I am going toschedule my car for an update. I can not believe that it takes a whole day to program this car, on my old 750IL they put a CD in the NAV system, and in 15-20 minutes it was over.
Apparently on this car they need to connect it to a BMW computer and hook it up through a serial port running on a very slow baud rate... 

I bet that on the new 2009 7 series they could do the software updates through broadband cellular service like a windows live update. That would be cool, you park your car, and the car updates when you sleep and when you wake up to go to work you have a new software that does not work ..... and you need a rental to get to work.

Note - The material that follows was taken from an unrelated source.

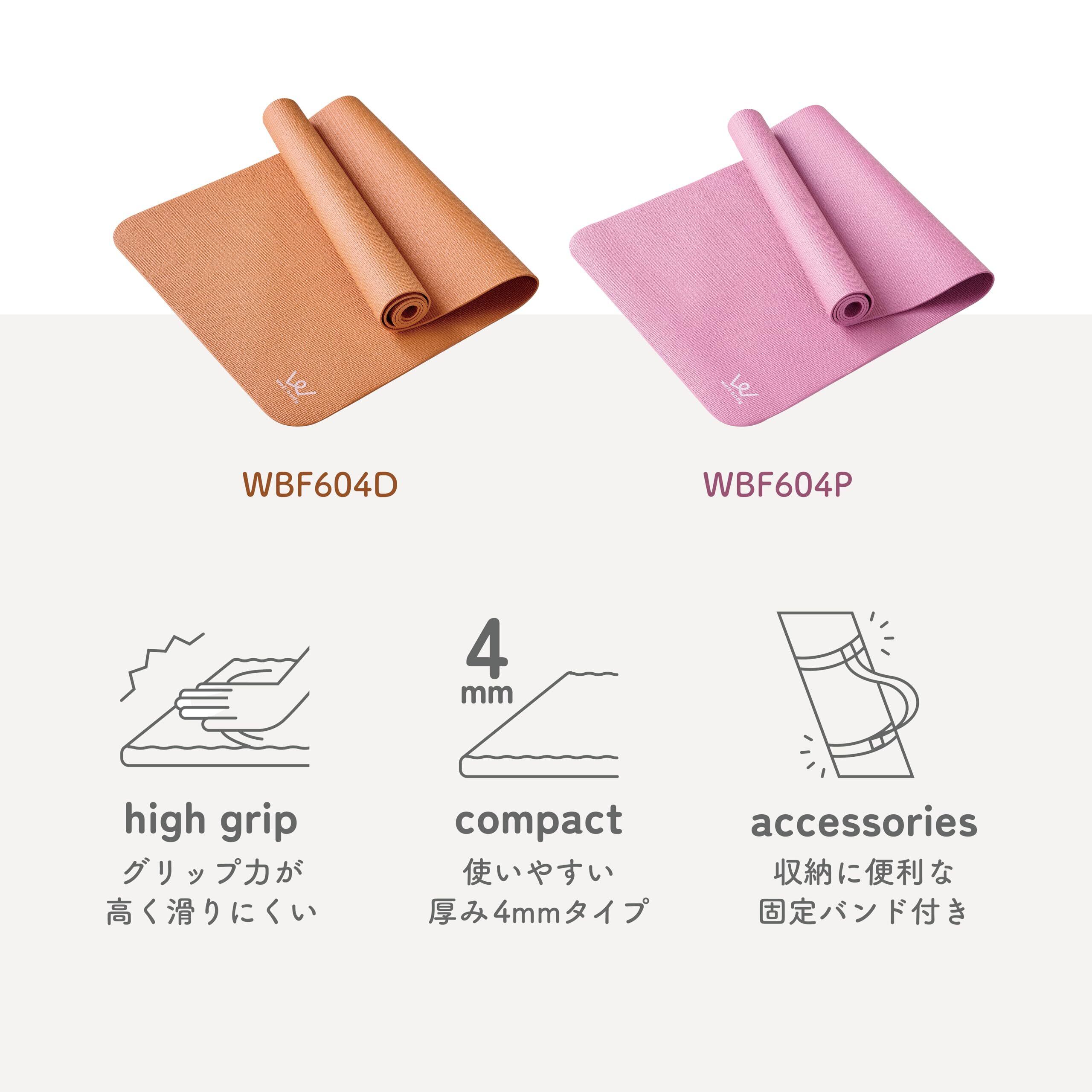 【軽量で扱いやすいヨガマット】軽量で扱いやすい厚みのヨガマットです。豊富なカラー展開で自宅の家具の色に合わせることもできますし、お好みのカラーを選べます。厚みは軽くて持ち運びにも便利な4mmタイプと、身体への衝撃を吸収する6mmタイプの2種類から選べます。

I don't know what they are thinking at BMW, but a whole day is absurd, especially since I am not getting a rental since I did not buy the car from a local dealer.

The new 7 series is like a beautiful woman that once a month you need to put up with when she is having her monthly thing.... but when she is not cranky and she smiles you are the happiest person in the world.


----------



## G750 (Aug 3, 2005)

Good news, because I'm starting to hate the transmission jerks at low speed and low RPM's. I was driving home tonite and the rpm was staying at 800 on my street with a groaning engine noise, made me sick.


----------



## LouisBMW (Jun 13, 2005)

2006_750Li_ED said:


> I am not getting a rental since I did not buy the car from a local dealer.
> 
> I think it's the BMW policy, not dealer's, to provide free rental car (doesn't have to be BMW ones, could be Hertz........). You probably should try another dealer in your area. For me in Silicon Valley, CA, every BMW dealers provide free loaner, some use BMW, the others use rental car company. But, we do have a dealer here have a "2-week loaner car punishment policy" - they schedule you 2 weeks later if you want a loaner car. You can can in next day if you don't want loaner car.


----------



## 2006_750Li_ED (Jul 3, 2005)

BMW has a lot to learn from Lexus when it comes to cusomer service and loaner generousity.
My service adviser agreed with me and laughed saying "you don't want to drive a lexus..."
In my book customer service is very important, and I would not mind to see BMW NA make less money to keep customers sattisfied. I do not believe that a car as sopisticated as the 7 series takes a whole day to update its software because the computers provided by BMW work on very low Baud rates.... this is the age of Firewire 800, why would BMW put a 25 year old serial port on such an advanced car?
I am getting convinced every day that the new 7 will be an early 2007 production as a 2008 model, it is necessary in order to keep customers.
I think that BMW will make the decision depending on how successful Mercedes Benz will be in its first production year and Lexus too, LS460 and LS500H with 500 Horse Power.
I wanted to show up to the BMW service department with a brand new Lexus just to spite the service adviser, but he was right, I love my BMW and I have to put up with poor service.


----------



## ///MLover (Aug 5, 2005)

Hey,

I just dropped my 750 li off at Irvine BMW today around 11:30. It really depends to which service providor you talk to. So if they tell you "you are promised a rental" that means that you will get one. Because i had purchased my 750li from Shelly BMW in Buena Park. By the way they said that there was a transmission update for the 2002 7 series he was reallly confused  ..... after a while he found it he said that it would only take a hour not a day so that made me confused. So the were gonna do that fix the staticy speakers and fix the trunk cuz sometimes it would only go up about 1/3 way thats it.... They just called me and said that it would be ready tommorrow. I would reccommend to go to Irvine BMW. When you guys make a call for the appointment make sure that they give you a rental make sure that they say "i promise you a rental car" cuz i was happy today about that.

Thanks
-Pwned


----------



## iove75 (Sep 10, 2004)

18.1 has been out a few months now...anyone know if 19.0 is out yet and what it fixes?


----------



## ICEcap (Aug 1, 2005)

I took delivery of my car in late July. How do I tell what version software my 750 is running? Would a June production car already have the fix? I doubt it since the shifting seems problematic as described.


----------



## 2006_750Li_ED (Jul 3, 2005)

Gio, the forman of Bob Smith BMW told me that version 18.0 came in June, and that he got last week version 18.1, and he did not even load it on the BMW computer.
Version 18.0 fixed the transmission problem, 18.1 fixes something else, who knows. It seems like this car needs an update like Windows XP ......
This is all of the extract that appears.